AB&M is built for this work. Equipment-grade ESD protocol — packaging, climate-controlled transport, chain of custody from origin facility to specific rack location, signed off at every transition point. Full SOP, documented and audited. (See What ESD-compliant freight actually means above for protocol detail.)

Equipment categories we move into Twin Cities data center builds

  • Server hardware (1U–4U units, blade chassis, rack-mount infrastructure)
  • GPU compute (NVIDIA, AMD, Intel data center cards)
  • Networking gear (switches, routers, fiber transceivers)
  • Power infrastructure (PDUs, UPS modules, critical switchgear)
  • Cooling components (CRAC units, immersion cooling assemblies)
  • Pre-cabled racks and integrated solutions arriving rack-ready

If you're moving servers, networking gear, GPU equipment, switching infrastructure, or critical electrical components into a Twin Cities data center build, this is exactly the work we do. Air-ride trailers. Climate control. Liftgate. Inside delivery. No co-loading on a wildcard pallet. The cargo arrives in the same condition it left.

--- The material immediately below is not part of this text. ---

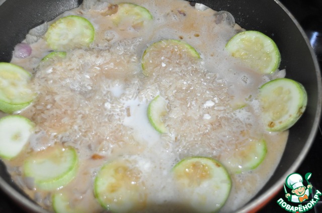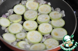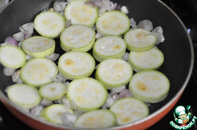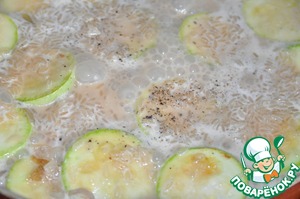 Кладём на сковороду кружки кабачка и слегка обжариваем с обеих сторон.

More on AB&M's data center freight capability →

Aerospace & defense — when the plane doesn't fly without it

Twin Cities aerospace and defense manufacturing runs across:

  • Collins Aerospace — Bloomington and Burnsville
  • Northrop Grumman — Plymouth, Elk River, Anoka, and Eden Prairie
  • Cirrus Aircraft — Duluth (general aviation)
  • Polaris Defense — Medina (ULTV and tactical vehicle production)

When an aerospace part lands AOG, or a defense JIT delivery starts slipping, MSP sits centrally to recover lanes in under four hours to Detroit, Chicago, Madison, Milwaukee, and Winnipeg. AB&M handles AOG ground recovery from MSP airport, dedicated team-driver runs to and from aerospace plants, and hand carry with escort where chain of custody documentation is required.

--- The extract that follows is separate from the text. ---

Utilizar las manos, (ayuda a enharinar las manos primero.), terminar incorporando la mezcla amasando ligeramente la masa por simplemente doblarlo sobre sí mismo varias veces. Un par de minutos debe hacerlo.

Food, ag tech & heavy manufacturing

The Twin Cities is one of the deepest food and ag manufacturing markets in North America:

  • Cargill — Wayzata (largest private company in the US)
  • General Mills — Golden Valley
  • Land O'Lakes — Arden Hills
  • Hormel Foods — Austin
  • Ecolab — St. Paul

Ag and heavy equipment failures don't wait for harvest to be convenient. AB&M moves time-critical replacement parts for Toro (Bloomington), Polaris (Medina and Roseau), Bobcat / Doosan (Fargo lane), and the Fastenal distribution network. Sprinter for the part. Straight truck for the assembly. Hand carry when the OEM technician needs to fly in with the component.

Cross-border Canada — MSP to Manitoba and beyond

The Twin Cities sit closer to the Manitoba border than most operators realize. MSP → Winnipeg is a 460-mile ground expedite run, roughly 7 hours, served via I-29 and I-94 with CBSA-compliant border coordination at Pembina / Emerson.

Why cross-border into Manitoba and Ontario breaks for most operators

Cross-border freight isn't ground freight with extra paperwork. The combinations break the standard broker workflow:

  • CARM compliance — the Canadian CBSA's new Assessment and Revenue Management system requires importer-of-record registration, GST/HST handling, and ACI manifest filing before border arrival. Brokers without CARM accounts can't clear the border at all.
  • ACI (Advance Commercial Information) — manifests must be filed and accepted before the truck crosses. A failed ACI = truck turned around at the border.
  • Named broker partners at Pembina / Emerson — not every Canadian customs broker handles expedite-cadence clearances. Wrong partner = your "expedited" freight waits a day at the border because the broker isn't in office.
  • Provincial nuances — Manitoba operating authority is different from Ontario operating authority is different from Quebec. The carrier has to be authorized for each province they enter.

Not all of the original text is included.